*RECORDS PROVIDED*:
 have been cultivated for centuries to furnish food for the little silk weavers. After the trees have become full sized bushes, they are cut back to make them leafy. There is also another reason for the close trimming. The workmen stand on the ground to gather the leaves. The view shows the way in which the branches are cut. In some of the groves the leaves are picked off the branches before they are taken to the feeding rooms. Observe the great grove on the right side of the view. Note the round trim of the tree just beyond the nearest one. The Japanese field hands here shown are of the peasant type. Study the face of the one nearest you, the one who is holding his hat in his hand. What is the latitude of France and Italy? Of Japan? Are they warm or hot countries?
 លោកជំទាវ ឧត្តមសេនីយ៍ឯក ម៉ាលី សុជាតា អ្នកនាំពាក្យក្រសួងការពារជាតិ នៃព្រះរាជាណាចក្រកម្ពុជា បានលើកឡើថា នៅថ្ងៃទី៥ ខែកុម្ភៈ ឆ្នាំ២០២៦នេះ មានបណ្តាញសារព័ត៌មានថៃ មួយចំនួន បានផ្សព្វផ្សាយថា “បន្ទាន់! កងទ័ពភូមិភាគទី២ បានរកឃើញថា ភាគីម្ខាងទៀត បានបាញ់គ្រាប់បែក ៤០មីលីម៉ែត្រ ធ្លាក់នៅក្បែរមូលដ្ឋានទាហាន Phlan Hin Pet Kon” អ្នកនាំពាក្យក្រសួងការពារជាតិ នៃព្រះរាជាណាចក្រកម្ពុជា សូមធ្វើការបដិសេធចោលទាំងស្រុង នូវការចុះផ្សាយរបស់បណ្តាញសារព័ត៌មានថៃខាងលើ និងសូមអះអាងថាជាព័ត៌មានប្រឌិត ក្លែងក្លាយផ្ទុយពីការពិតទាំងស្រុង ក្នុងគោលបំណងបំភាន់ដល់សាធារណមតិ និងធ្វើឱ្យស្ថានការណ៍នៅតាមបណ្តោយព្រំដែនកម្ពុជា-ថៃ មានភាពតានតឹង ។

---

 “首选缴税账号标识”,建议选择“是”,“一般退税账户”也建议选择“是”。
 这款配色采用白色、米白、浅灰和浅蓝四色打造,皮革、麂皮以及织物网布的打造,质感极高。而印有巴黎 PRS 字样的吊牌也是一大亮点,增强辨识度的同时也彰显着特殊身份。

*ACTION ITEM*:
Give only the lines from the one holding "have been cultivated" through the one holding "លោកជំទាវ ឧត្តមសេនីយ៍ឯក ម៉ាលី", each restated exactly as it appears above.

*EXERCISE RESULT*:
 have been cultivated for centuries to furnish food for the little silk weavers. After the trees have become full sized bushes, they are cut back to make them leafy. There is also another reason for the close trimming. The workmen stand on the ground to gather the leaves. The view shows the way in which the branches are cut. In some of the groves the leaves are picked off the branches before they are taken to the feeding rooms. Observe the great grove on the right side of the view. Note the round trim of the tree just beyond the nearest one. The Japanese field hands here shown are of the peasant type. Study the face of the one nearest you, the one who is holding his hat in his hand. What is the latitude of France and Italy? Of Japan? Are they warm or hot countries?
 លោកជំទាវ ឧត្តមសេនីយ៍ឯក ម៉ាលី សុជាតា អ្នកនាំពាក្យក្រសួងការពារជាតិ នៃព្រះរាជាណាចក្រកម្ពុជា បានលើកឡើថា នៅថ្ងៃទី៥ ខែកុម្ភៈ ឆ្នាំ២០២៦នេះ មានបណ្តាញសារព័ត៌មានថៃ មួយចំនួន បានផ្សព្វផ្សាយថា “បន្ទាន់! កងទ័ពភូមិភាគទី២ បានរកឃើញថា ភាគីម្ខាងទៀត បានបាញ់គ្រាប់បែក ៤០មីលីម៉ែត្រ ធ្លាក់នៅក្បែរមូលដ្ឋានទាហាន Phlan Hin Pet Kon” អ្នកនាំពាក្យក្រសួងការពារជាតិ នៃព្រះរាជាណាចក្រកម្ពុជា សូមធ្វើការបដិសេធចោលទាំងស្រុង នូវការចុះផ្សាយរបស់បណ្តាញសារព័ត៌មានថៃខាងលើ និងសូមអះអាងថាជាព័ត៌មានប្រឌិត ក្លែងក្លាយផ្ទុយពីការពិតទាំងស្រុង ក្នុងគោលបំណងបំភាន់ដល់សាធារណមតិ និងធ្វើឱ្យស្ថានការណ៍នៅតាមបណ្តោយព្រំដែនកម្ពុជា-ថៃ មានភាពតានតឹង ។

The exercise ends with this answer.